---- Raw data

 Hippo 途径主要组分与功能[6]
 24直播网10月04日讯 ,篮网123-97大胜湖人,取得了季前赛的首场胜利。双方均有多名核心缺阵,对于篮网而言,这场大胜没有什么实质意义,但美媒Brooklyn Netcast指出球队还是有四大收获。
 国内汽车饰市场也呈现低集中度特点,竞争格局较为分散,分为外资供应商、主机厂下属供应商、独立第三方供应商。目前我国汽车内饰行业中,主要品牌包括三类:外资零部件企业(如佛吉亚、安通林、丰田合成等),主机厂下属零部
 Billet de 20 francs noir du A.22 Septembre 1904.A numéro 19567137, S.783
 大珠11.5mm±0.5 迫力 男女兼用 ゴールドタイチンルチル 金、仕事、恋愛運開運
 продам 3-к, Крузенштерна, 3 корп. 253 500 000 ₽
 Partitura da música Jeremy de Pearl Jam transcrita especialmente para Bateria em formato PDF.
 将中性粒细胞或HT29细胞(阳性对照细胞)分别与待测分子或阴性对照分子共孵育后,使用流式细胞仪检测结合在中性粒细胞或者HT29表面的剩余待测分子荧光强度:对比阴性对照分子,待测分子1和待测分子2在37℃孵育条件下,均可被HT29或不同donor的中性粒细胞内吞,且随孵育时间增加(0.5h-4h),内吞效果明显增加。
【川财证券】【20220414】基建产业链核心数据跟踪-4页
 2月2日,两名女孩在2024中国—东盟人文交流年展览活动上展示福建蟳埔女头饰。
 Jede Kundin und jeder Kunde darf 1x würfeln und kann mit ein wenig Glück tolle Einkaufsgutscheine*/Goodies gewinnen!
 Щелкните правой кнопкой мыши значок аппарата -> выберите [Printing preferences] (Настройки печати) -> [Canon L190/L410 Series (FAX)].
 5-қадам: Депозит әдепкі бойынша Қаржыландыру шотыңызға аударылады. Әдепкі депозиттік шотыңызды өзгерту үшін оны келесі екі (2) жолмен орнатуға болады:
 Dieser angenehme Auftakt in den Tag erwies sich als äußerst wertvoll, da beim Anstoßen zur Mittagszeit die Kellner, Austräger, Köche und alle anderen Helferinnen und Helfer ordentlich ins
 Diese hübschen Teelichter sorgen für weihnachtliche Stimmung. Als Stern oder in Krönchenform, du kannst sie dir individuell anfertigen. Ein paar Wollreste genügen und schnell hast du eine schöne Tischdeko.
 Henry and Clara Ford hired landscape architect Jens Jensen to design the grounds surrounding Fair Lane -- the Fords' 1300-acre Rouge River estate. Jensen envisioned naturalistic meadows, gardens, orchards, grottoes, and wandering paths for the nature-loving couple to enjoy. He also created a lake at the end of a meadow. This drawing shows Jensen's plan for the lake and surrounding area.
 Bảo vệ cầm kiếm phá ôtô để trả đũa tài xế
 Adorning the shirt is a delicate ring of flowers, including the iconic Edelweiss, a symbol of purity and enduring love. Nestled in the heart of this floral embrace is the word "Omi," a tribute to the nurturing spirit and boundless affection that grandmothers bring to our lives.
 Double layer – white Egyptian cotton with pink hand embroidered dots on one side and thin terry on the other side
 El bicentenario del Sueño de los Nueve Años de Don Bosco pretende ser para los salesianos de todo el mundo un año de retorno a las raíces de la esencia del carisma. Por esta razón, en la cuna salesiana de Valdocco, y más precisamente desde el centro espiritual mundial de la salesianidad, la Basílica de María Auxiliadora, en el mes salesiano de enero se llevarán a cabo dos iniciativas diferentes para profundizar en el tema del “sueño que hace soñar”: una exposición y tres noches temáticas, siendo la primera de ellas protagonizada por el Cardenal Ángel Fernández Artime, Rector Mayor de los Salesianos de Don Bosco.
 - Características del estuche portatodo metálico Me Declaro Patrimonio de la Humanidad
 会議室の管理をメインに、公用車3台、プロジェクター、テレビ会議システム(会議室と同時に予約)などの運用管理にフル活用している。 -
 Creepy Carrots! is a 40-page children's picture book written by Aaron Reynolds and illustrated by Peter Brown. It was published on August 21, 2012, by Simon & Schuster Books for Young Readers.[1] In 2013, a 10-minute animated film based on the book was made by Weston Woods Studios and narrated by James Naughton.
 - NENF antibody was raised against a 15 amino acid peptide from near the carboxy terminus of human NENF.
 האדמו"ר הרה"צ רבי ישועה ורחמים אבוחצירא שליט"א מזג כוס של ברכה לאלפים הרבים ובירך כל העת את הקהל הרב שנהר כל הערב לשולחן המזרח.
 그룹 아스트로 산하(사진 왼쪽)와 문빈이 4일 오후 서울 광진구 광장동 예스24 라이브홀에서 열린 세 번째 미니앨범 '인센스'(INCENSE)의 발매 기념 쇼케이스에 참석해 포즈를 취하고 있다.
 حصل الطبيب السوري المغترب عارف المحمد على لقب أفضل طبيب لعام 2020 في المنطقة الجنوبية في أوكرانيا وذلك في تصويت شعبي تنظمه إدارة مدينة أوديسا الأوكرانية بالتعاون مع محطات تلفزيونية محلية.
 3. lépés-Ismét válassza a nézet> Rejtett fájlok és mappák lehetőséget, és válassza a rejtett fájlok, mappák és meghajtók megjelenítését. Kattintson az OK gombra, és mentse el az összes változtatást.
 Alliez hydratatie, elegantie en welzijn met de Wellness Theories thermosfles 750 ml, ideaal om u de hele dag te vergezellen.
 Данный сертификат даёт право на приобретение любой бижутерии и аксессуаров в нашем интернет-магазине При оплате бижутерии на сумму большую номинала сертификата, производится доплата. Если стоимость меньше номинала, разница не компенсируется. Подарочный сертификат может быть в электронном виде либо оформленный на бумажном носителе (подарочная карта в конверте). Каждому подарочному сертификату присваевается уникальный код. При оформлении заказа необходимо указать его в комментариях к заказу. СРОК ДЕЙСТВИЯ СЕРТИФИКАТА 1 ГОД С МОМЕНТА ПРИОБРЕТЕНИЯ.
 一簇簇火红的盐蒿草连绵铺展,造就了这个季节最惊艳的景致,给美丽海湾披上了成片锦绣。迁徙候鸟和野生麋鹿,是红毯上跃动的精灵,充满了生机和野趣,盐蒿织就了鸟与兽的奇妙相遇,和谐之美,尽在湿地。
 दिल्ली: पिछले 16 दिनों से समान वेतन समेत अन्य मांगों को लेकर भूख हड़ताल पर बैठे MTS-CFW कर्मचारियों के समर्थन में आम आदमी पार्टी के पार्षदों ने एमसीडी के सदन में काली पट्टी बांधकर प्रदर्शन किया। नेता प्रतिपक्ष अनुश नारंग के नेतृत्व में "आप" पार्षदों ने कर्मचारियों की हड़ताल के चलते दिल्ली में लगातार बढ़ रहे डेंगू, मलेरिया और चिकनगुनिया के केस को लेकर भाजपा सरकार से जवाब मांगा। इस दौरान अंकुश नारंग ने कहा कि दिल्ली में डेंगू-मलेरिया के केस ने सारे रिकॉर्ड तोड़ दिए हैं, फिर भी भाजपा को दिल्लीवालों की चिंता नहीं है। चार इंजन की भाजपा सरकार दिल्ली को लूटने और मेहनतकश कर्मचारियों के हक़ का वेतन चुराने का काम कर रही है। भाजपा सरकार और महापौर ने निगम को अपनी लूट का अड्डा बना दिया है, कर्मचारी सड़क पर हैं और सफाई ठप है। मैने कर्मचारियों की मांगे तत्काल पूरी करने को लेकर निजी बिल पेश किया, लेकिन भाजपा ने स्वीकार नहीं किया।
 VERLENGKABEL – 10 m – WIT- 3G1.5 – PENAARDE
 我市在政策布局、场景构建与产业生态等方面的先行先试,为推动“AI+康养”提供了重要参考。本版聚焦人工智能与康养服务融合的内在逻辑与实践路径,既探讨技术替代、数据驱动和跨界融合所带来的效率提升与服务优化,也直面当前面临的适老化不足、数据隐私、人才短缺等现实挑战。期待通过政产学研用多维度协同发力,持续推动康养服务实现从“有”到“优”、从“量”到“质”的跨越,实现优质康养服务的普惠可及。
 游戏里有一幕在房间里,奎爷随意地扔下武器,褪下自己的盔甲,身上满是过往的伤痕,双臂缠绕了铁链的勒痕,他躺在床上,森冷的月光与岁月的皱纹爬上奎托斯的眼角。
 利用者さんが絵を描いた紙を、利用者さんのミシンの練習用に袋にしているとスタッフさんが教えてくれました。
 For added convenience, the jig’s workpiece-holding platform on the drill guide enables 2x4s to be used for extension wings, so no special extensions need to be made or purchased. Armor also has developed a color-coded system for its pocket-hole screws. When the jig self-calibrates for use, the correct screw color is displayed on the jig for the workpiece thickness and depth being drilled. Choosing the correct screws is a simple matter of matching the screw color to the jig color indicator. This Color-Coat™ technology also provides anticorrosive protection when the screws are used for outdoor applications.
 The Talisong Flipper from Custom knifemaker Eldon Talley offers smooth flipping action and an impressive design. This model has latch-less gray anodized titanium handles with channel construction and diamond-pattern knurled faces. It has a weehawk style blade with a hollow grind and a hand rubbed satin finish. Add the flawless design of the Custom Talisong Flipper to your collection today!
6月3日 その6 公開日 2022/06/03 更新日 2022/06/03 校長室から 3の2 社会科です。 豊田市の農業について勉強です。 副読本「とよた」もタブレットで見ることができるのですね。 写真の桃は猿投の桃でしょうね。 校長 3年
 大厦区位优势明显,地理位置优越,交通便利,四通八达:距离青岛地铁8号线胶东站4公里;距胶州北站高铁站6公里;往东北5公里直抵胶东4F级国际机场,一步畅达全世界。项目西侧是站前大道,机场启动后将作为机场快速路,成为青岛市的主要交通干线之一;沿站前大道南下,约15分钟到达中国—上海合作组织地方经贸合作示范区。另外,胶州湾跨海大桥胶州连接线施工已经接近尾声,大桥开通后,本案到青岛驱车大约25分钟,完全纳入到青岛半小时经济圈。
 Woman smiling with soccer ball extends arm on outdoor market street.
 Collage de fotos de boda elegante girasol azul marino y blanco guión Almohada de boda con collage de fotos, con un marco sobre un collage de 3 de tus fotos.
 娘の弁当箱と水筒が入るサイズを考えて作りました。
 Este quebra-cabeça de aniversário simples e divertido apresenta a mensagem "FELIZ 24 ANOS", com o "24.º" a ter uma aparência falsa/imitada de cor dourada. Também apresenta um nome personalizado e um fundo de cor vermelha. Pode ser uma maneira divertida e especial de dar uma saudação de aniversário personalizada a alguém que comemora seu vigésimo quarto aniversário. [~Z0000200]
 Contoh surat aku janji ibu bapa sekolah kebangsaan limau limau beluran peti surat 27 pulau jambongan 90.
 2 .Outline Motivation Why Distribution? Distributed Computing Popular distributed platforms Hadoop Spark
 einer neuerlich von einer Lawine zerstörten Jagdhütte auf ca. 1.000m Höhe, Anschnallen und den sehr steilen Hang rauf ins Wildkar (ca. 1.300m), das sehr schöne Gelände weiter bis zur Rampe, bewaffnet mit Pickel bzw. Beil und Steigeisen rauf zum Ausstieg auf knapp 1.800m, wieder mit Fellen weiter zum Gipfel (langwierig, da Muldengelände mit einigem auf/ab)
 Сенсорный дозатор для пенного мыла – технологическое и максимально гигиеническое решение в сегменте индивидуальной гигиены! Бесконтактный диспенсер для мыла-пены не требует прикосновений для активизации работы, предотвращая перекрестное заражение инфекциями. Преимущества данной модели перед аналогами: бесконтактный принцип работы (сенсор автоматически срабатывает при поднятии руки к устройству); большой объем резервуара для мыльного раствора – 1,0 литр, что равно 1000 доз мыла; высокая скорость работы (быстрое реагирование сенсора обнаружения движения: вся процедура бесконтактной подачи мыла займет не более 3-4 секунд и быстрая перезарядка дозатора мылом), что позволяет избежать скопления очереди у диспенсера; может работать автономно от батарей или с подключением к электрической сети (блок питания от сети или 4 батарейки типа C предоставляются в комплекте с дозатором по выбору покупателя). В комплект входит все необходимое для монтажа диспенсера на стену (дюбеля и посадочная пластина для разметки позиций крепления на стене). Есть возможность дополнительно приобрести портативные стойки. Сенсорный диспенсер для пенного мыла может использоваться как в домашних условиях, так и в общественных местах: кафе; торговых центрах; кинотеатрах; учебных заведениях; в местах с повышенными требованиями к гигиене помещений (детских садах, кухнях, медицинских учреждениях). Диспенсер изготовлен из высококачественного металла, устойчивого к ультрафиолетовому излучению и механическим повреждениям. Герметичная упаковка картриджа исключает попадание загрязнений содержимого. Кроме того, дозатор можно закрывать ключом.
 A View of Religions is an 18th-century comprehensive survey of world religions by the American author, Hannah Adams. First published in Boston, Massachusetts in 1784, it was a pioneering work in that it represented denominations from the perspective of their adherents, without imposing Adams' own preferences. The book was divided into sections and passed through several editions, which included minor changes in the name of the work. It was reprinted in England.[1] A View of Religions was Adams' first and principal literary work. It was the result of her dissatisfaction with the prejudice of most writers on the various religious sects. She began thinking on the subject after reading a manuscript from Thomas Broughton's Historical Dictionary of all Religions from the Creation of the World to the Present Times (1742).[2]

--------

(What you are asked to do):
Going through the entries, return every line holding the word "para".

(Solved exercise):
 Partitura da música Jeremy de Pearl Jam transcrita especialmente para Bateria em formato PDF.
 El bicentenario del Sueño de los Nueve Años de Don Bosco pretende ser para los salesianos de todo el mundo un año de retorno a las raíces de la esencia del carisma. Por esta razón, en la cuna salesiana de Valdocco, y más precisamente desde el centro espiritual mundial de la salesianidad, la Basílica de María Auxiliadora, en el mes salesiano de enero se llevarán a cabo dos iniciativas diferentes para profundizar en el tema del “sueño que hace soñar”: una exposición y tres noches temáticas, siendo la primera de ellas protagonizada por el Cardenal Ángel Fernández Artime, Rector Mayor de los Salesianos de Don Bosco.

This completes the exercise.